Brilliant synth-rock Europop - Phoenix's best yet5
Phoenix are one of the greatest bands to come out of France in the last 15 years (along with Daft Punk and Air, two of my great musical loves, and several other bands that formed around the same time), and they are finally receiving some well-deserved attention. Phoenix just keep getting better, and they know it -- they love it, they exploit it, they bathe in its glory. Seriously, who else would have the "couilles" to title their fourth album Wolfgang Amadeus Phoenix? But it's justified. This album is pure shining genius from a band with a unique and creative sound, a gift that the American public is starved for in these vapid, manufactured Disney-pop times. I've been hooked on Phoenix since the moment I saw their "If I Ever Feel Better" video in 2001 while living in Paris.
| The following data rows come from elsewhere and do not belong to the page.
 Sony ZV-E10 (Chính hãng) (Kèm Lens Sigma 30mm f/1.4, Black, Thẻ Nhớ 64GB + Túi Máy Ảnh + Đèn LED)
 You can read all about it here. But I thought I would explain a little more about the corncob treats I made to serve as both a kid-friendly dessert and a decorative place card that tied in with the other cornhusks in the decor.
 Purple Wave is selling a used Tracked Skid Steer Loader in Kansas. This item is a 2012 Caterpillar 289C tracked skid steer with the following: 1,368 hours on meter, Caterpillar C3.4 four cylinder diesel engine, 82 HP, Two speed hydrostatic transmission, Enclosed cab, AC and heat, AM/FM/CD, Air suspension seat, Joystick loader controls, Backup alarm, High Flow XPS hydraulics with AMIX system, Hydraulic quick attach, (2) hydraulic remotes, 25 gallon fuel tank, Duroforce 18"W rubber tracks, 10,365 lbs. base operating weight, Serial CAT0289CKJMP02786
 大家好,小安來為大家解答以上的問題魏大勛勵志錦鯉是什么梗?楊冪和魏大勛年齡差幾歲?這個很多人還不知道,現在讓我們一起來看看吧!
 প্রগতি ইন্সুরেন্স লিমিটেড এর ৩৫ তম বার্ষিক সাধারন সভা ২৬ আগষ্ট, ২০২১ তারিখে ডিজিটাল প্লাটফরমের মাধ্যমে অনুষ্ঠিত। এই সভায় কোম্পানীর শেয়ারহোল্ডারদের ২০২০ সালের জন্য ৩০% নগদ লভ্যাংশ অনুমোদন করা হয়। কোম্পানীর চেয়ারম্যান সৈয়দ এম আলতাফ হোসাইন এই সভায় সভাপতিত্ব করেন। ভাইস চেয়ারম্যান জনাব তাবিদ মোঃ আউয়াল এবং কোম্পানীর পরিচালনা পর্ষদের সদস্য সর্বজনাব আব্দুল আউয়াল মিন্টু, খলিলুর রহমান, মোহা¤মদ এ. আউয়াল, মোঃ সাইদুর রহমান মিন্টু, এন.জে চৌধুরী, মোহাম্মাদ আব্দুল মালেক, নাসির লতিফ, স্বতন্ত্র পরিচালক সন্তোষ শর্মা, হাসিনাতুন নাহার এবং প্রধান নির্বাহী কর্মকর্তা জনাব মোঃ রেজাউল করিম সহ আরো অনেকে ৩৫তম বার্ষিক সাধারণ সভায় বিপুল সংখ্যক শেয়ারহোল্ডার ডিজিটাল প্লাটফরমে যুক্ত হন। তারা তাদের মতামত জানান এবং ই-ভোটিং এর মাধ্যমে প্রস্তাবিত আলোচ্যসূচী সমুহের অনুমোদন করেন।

Over the past decade, Phoenix have continually reinvented their sound -- with undeniable cohesion and hat-tips to previous albums -- and WAP, their pièce de résistance, is no exception.
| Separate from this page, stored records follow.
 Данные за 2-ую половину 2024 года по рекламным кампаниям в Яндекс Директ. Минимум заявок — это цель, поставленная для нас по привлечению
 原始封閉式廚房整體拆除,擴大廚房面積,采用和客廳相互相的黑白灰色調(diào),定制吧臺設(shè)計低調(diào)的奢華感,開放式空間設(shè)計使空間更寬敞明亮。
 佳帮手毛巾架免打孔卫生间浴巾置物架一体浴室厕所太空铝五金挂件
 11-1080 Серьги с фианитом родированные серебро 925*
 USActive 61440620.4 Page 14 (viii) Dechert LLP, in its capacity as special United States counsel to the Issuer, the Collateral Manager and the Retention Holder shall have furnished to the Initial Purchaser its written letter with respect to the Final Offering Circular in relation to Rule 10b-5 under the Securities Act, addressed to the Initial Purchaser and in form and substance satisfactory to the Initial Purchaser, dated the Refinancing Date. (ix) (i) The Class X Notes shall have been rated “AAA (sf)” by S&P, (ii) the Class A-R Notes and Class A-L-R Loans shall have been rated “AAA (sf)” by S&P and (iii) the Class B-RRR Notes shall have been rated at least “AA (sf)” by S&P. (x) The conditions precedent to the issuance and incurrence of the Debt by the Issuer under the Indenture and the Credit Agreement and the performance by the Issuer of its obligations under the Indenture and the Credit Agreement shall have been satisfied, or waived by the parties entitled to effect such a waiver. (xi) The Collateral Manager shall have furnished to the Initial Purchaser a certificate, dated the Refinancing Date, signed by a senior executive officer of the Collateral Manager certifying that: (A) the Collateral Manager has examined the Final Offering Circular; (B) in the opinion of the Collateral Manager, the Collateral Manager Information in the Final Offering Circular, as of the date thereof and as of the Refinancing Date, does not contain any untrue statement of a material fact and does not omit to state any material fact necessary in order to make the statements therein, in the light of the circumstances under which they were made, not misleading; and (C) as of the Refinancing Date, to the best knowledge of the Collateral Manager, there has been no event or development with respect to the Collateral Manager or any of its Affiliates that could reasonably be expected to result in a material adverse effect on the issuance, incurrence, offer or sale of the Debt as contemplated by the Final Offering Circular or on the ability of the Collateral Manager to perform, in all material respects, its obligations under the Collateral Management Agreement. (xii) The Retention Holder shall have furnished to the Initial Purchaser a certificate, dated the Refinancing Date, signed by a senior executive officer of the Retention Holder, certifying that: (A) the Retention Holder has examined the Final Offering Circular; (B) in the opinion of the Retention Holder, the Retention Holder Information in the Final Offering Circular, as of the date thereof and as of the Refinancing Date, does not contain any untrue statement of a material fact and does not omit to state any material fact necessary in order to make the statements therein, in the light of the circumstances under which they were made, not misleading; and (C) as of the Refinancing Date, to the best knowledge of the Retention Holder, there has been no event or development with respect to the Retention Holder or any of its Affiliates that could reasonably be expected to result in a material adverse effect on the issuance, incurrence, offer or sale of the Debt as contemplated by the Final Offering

It helps in assessing the roots of WAP, their fourth album, to look back across Phoenix's discography. United (2000) was a bizarre yet pleasing amalgamation of insanely catchy pop gems, dark bluesy instrumentals, hollering garage rock, and smooth downtempo. (Interestingly, their "Too Young" single, from United, was featured in the night-on-the-town apartment scene in Lost in Translation; this was America's first real taste of Phoenix.) By contrast, their second album, Alphabetical (2004), had a far more cohesive sound: its synth-y, finger-tapping indie pop made for a crisp, solid album. Listening to Alphabetical, you likely thought, "Wow, Phoenix have really come into their own since United!" Then in 2006, on It's Never Been Like That, Phoenix came hurtling back to their garage rock ethos, and the faithful listener was surprised once again. INBLT was rougher, edgier, less synth-y, more raw sounding than Alphabetical. (It probably helped enhance INBLT's "garage rock" sound that Phoenix produced it at Planet Roc Studios in Berlin, a Cold War-era radio station/recording studio. When you listen to Phoenix's albums in succession, you can hear this distinct difference.)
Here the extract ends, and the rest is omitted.